Work order |
Reproduce exactly the lines from the one containing "依整個(gè)二期社區(qū" through the end of the listing, minus the pictures.
*** Opening Exercise data ***
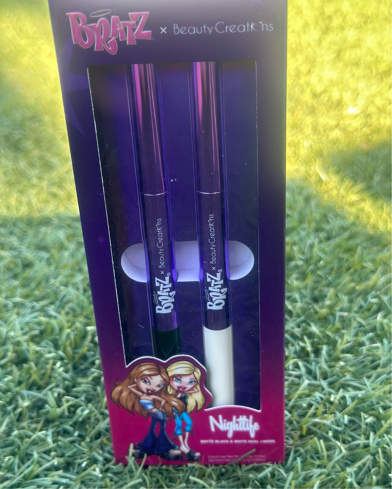One black eyeliner , one white eyeliner
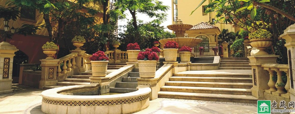 依整個(gè)二期社區(qū)不同的分區(qū),采用不同主題的園林;營(yíng)造"一會(huì)所--架空層泛會(huì)所,兩個(gè)活動(dòng)中心,八大休閑空間"的最美的西班牙園林;
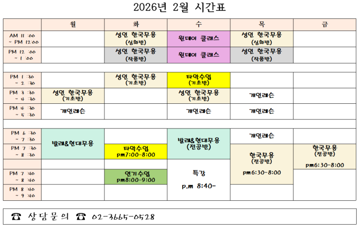 ♥2월 시간표♥
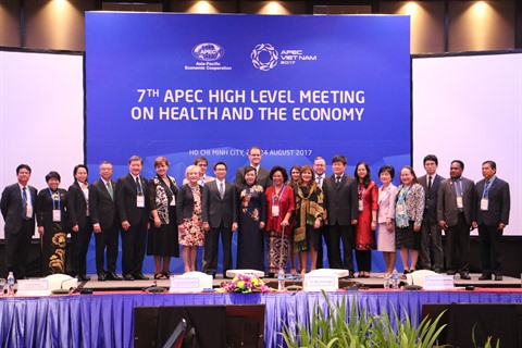 | Photo de famille de la 7e réunion sur la santé et l’économie dans le cadre de la 3e conférence des hauts officiels de l’APEC (SOM 3). |
*** Closing Exercise data ***
Final answer |
 依整個(gè)二期社區(qū)不同的分區(qū),采用不同主題的園林;營(yíng)造"一會(huì)所--架空層泛會(huì)所,兩個(gè)活動(dòng)中心,八大休閑空間"的最美的西班牙園林;
 ♥2월 시간표♥
 | Photo de famille de la 7e réunion sur la santé et l’économie dans le cadre de la 3e conférence des hauts officiels de l’APEC (SOM 3). |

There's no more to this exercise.